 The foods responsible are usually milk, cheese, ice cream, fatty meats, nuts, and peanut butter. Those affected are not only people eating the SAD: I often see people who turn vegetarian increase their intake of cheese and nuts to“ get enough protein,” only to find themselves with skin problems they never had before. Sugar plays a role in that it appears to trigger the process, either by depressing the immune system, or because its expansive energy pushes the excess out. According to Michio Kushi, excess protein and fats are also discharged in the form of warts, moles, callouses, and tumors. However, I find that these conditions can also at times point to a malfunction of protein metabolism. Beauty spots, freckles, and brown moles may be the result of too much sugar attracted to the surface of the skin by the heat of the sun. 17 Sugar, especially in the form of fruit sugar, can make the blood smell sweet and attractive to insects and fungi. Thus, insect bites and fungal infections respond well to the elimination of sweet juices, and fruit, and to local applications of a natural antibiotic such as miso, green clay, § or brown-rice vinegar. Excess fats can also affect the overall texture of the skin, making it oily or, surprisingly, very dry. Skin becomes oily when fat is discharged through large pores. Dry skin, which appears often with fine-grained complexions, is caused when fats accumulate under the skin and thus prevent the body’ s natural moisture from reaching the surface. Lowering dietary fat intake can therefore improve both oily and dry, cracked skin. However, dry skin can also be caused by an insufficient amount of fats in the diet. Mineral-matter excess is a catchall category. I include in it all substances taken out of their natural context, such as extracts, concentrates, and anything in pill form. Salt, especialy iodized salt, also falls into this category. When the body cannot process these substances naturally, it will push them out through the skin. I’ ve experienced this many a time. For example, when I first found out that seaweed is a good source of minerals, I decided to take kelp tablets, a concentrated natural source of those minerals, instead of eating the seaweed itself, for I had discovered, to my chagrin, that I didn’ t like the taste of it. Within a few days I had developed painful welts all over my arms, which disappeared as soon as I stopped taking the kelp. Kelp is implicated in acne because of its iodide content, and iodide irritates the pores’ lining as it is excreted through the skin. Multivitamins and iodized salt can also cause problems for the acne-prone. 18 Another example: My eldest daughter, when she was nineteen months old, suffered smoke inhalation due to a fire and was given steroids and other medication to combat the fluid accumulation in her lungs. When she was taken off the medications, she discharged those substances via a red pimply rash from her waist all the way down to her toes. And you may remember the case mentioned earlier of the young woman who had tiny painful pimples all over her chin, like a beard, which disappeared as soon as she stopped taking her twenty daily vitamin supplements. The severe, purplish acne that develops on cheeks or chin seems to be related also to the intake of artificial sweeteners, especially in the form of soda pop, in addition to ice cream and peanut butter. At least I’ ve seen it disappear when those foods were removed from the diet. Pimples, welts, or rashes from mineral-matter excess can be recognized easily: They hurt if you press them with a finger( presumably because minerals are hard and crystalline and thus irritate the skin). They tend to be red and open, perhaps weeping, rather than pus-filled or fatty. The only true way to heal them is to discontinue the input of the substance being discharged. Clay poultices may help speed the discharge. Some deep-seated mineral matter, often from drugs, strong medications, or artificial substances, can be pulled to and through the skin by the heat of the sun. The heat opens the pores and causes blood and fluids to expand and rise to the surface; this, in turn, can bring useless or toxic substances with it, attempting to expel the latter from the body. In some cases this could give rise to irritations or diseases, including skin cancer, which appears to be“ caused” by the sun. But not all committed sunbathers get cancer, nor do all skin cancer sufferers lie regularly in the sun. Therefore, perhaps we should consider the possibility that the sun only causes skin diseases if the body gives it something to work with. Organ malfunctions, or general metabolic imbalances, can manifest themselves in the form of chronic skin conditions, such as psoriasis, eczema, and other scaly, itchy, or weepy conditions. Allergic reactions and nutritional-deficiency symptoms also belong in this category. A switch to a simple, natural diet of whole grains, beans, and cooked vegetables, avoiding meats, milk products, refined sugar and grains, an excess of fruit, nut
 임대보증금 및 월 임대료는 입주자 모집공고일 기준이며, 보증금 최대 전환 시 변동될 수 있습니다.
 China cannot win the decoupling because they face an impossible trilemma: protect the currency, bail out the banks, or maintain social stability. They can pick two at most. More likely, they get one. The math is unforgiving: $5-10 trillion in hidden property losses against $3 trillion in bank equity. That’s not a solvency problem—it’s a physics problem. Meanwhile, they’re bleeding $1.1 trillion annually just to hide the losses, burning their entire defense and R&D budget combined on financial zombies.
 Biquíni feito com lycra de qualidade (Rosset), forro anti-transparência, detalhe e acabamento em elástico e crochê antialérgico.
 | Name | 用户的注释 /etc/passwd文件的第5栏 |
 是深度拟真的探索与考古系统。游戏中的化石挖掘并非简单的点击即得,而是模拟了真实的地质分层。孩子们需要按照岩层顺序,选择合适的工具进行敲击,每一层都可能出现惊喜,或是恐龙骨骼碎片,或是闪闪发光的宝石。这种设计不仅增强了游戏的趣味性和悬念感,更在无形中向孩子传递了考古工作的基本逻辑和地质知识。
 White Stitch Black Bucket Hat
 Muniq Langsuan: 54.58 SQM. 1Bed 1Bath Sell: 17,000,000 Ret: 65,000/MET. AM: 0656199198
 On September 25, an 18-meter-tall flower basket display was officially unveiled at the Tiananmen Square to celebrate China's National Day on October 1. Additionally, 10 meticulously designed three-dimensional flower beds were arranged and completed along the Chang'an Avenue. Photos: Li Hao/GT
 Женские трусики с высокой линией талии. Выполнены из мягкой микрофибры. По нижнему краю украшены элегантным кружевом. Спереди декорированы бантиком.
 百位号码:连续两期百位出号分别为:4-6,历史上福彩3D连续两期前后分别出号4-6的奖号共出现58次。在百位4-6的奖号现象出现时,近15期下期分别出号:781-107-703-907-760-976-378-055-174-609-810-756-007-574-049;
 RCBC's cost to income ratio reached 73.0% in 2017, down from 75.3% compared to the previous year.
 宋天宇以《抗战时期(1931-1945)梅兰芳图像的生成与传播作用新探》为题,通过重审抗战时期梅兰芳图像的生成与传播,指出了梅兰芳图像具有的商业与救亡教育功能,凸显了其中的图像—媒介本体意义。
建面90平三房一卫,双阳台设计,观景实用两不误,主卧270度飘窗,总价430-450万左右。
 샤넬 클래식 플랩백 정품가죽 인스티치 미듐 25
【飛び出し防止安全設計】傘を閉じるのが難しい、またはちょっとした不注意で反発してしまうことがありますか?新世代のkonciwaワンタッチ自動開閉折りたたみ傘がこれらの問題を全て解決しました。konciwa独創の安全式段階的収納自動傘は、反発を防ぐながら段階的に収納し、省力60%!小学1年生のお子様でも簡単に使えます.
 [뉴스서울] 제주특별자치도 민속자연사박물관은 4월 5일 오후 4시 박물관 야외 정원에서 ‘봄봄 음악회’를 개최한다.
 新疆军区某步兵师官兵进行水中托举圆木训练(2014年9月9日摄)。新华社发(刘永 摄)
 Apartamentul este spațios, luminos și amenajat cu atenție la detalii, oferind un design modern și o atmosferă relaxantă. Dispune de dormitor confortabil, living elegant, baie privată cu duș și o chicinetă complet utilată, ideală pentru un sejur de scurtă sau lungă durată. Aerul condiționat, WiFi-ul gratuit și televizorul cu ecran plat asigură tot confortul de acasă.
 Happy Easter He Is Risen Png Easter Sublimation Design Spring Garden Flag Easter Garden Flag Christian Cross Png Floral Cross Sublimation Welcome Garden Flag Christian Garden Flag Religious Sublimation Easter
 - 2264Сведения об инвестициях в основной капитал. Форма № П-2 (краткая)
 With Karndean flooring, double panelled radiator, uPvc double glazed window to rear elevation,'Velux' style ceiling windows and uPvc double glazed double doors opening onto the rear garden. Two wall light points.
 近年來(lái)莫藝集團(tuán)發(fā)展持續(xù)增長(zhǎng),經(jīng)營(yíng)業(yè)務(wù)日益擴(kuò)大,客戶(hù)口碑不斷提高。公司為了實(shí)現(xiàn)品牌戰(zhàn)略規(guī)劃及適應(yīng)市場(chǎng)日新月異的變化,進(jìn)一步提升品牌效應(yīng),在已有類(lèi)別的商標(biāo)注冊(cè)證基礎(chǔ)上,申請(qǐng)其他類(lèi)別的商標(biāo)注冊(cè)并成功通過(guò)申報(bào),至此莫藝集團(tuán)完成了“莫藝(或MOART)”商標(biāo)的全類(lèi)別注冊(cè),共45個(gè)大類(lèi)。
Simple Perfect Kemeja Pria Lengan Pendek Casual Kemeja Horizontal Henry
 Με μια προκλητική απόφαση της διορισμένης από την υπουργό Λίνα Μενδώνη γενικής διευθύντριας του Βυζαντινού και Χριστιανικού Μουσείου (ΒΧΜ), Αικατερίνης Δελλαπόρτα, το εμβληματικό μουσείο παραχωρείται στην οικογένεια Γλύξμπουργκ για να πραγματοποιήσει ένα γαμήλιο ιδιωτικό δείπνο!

> [What you will do]
Only those lines of the entries above that run from the line containing "Happy Easter He" to the line containing "- 2264Сведения об", both included, should be transcribed exactly.

> [Exercise output]
 Happy Easter He Is Risen Png Easter Sublimation Design Spring Garden Flag Easter Garden Flag Christian Cross Png Floral Cross Sublimation Welcome Garden Flag Christian Garden Flag Religious Sublimation Easter
 - 2264Сведения об инвестициях в основной капитал. Форма № П-2 (краткая)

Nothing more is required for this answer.